Alessandro Di Paolantonio

Personal information
- Date of birth: 31 December 1992 (age 33)
- Place of birth: Teramo, Italy
- Height: 1.75 m (5 ft 9 in)
- Position: Midfielder

Team information
- Current team: Monterosi
- Number: 7

Senior career*
- Years: Team / Apps / (Gls)
- 2009–2012: San Nicolò
- 2012–2017: Teramo / 158 / (17)
- 2017–2018: Ternana / 0 / (0)
- 2017–2018: → Viterbese (loan) / 32 / (1)
- 2018–2020: Avellino / 54 / (9)
- 2020–2021: Arezzo / 27 / (4)
- 2021–: Monterosi / 43 / (4)
- 2022: → Foggia (loan) / 14 / (1)

= Alessandro Di Paolantonio =

Italian footballer (born 1992)

Alessandro Di Paolantonio (born 31 December 1992) is an Italian footballer who plays as a midfielder for club Monterosi.

==Career==
Di Paolantonio made his Serie C debut for Teramo on 30 August 2014 in a game against Pisa.
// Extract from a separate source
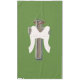 This cross tablecloth features a green background, providing a clean and elegant esthetic suitable for various occasions. Its design enhances the overall ambiance of any setting, making it a versatile choice for both formal and casual events. The simplicity of the green backdrop allows for easy coordination with different tableware and decorations, ensuring a polished look.

On 9 November 2018, Di Paolantonio joined Avellino, in Serie D at the time and advanced with it to Serie C at the end of the 2018–19 season.

On 28 August 2021, Di Paolantonio signed with Monterosi, freshly promoted to Serie C. On 25 January 2022, he moved on loan to Foggia.